H1 2025 earnings summary
14 Dec, 2025Executive summary
Achieved 18.6% revenue growth to £42.4m and 17% adjusted EBITDA growth to £11.2m in H1 2025, integrating nine acquisitions and transitioning to a two-division structure: Software & Data and Services.
Strategic transformation completed, consolidating from three to two divisions, with all acquisitions fully integrated and leadership appointed for each division.
SaaS and subscription revenue grew 21% to £24.2m, now representing 57% of group revenue, with recurring revenue a key strength.
Transitioned to a platform business model focused on software, data, and services, enhancing recurring revenue streams and operational synergies.

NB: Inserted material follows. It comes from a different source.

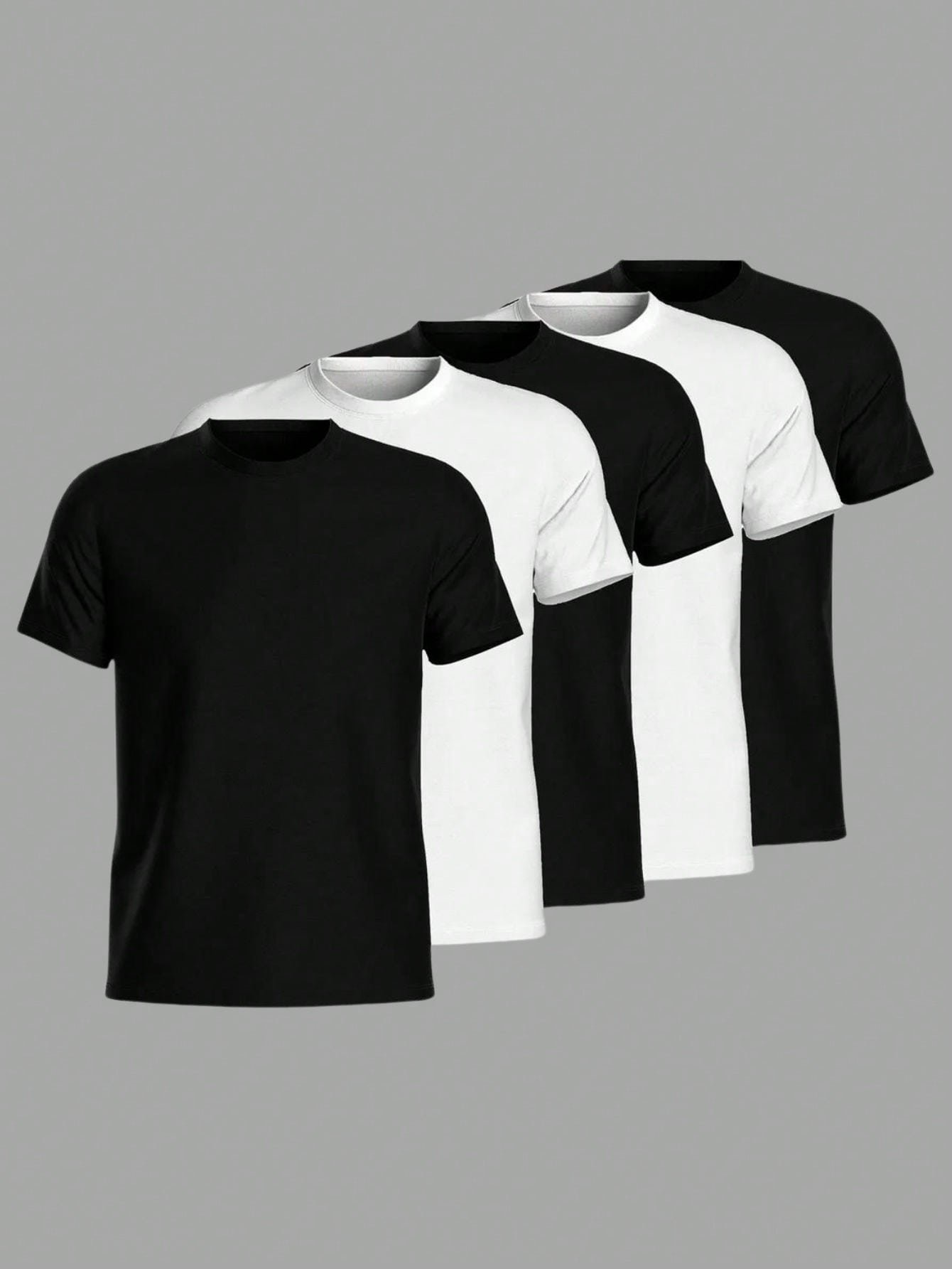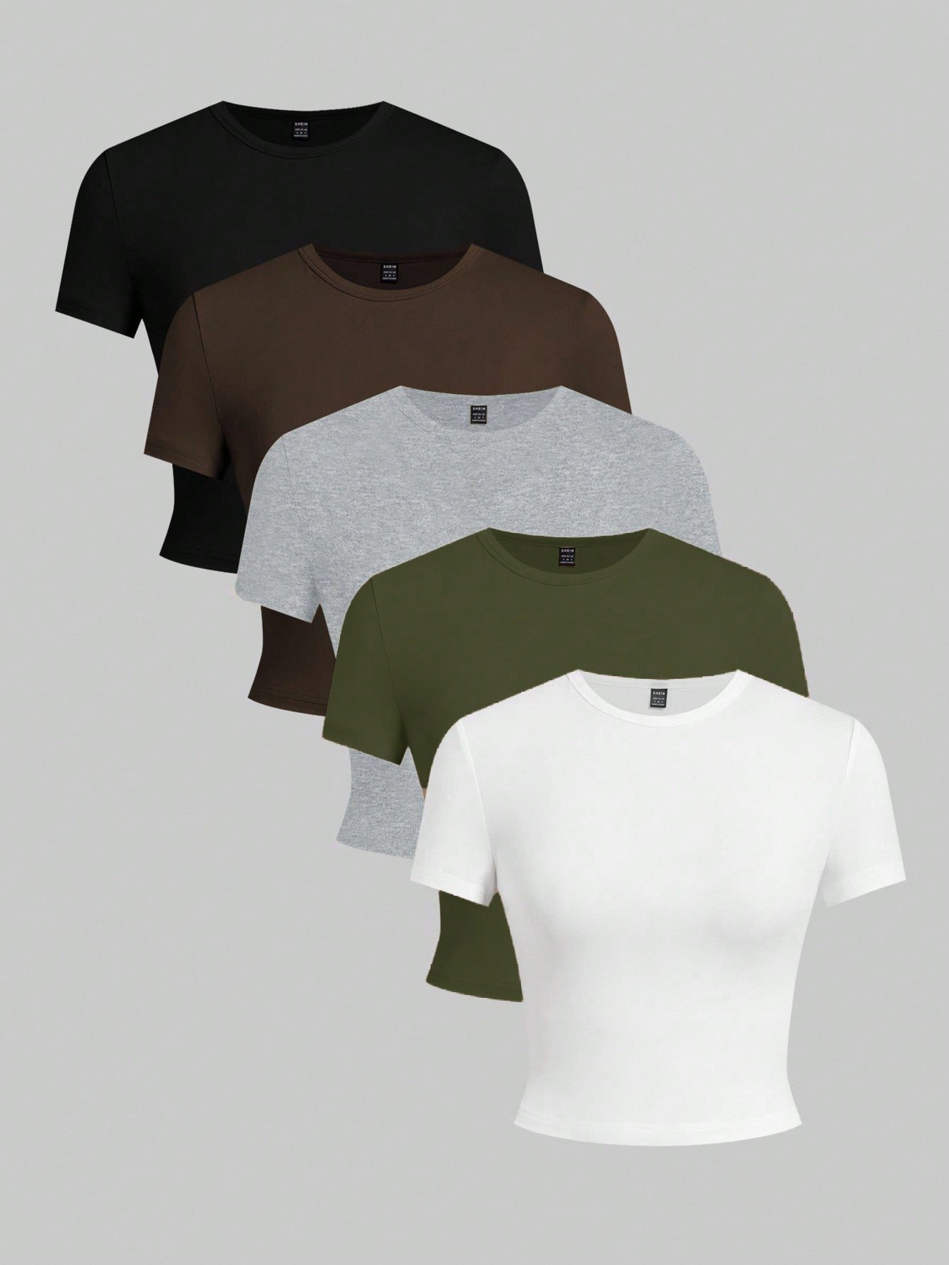 SHEIN EZwear 5 peças/Conjunto Camisetas Básicas de Cor Sólida Ajustadas de Manga Curta |
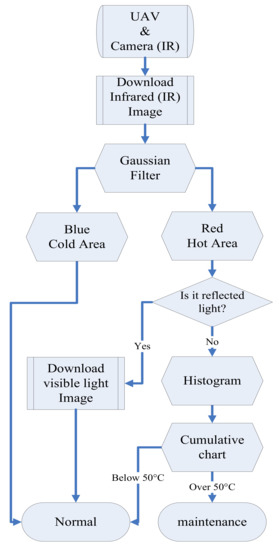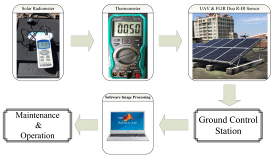 In recent years, many countries are actively developing renewable energy-related industries, and the construction of solar power plants is regarded as an important part of it. Taipower (a government power agency in Taiwan), for example, has stated that 2019–2020 is a bumper year for large-scale development projects, and it is expected to achieve the target of 2.2 GW solar installations set by the Ministry of Economic Affairs. Meanwhile, Taipower is expecting to complete its annual production plan of 6.5 GW before the end of 2021 [1]. It is believed that solar energy will become one of the most important renewable energy sources in Taiwan. However, the maintenance and monitoring will be a challenge as many large scale solar farms are operated and built in remote area and some panels are even installed on top of high rise buildings. The panel temperature is an important factor to determine its efficiency. For example, when the temperature increases by 1 °C, the power generation efficiency of solar modules decreases by 0.5% [2,3,4]. Therefore, an accurate and efficient way of monitoring and identifying the failure of solar modules is essential [5]. In addition, rapid detection of solar module failures can extend the service life and maintain the performance of the solar system [6]. To improve the detection efficiency, this paper proposes a fast, time-saving and real-time detection system to identify the failure status of solar panels. In this study, a drone equipped with a set of high-definition cameras with infrared and visible light functions was adopted to inspect the health conditions of a solar farm. Advantages of using drones include large area coverage, high flexibility, light weight, and fast speed, and thus module defect detection can be performed in a relatively short time after the shooting status is sent back to the ground station [7]. Lastly, the image analysis with MATLAB is conducted to determine the status of these modules.

Performance remains in line with full-year expectations, with continued growth in revenue visibility and profitability.
Financial highlights
Group revenues increased by £6.7m to £42.4m year-over-year, with organic revenue up 4%.
Adjusted EBITDA rose 17% to £11.2m, with margin steady at 26.4%.
Adjusted EPS grew 14% to 5.7p per share; interim dividend increased by 8.3% to 1.3p per share.
Net debt at £30.1m, with net debt-to-EBITDA ratio of 1.3x and cash position of £8.4m.
Strong cash conversion at 124% and free cash flow of £8.8m.
Outlook and guidance
Positioned for further organic growth and margin enhancement through investment in both divisions and leveraging integrated platform capabilities.
Enhanced revolving credit facility to £120m provides flexibility for future acquisitions and robust liquidity.
Focus on growing products per customer and customers per product, with a strong M&A pipeline in a fragmented technology market.
Confident in delivering full-year expectations, with a robust platform for long-term value creation.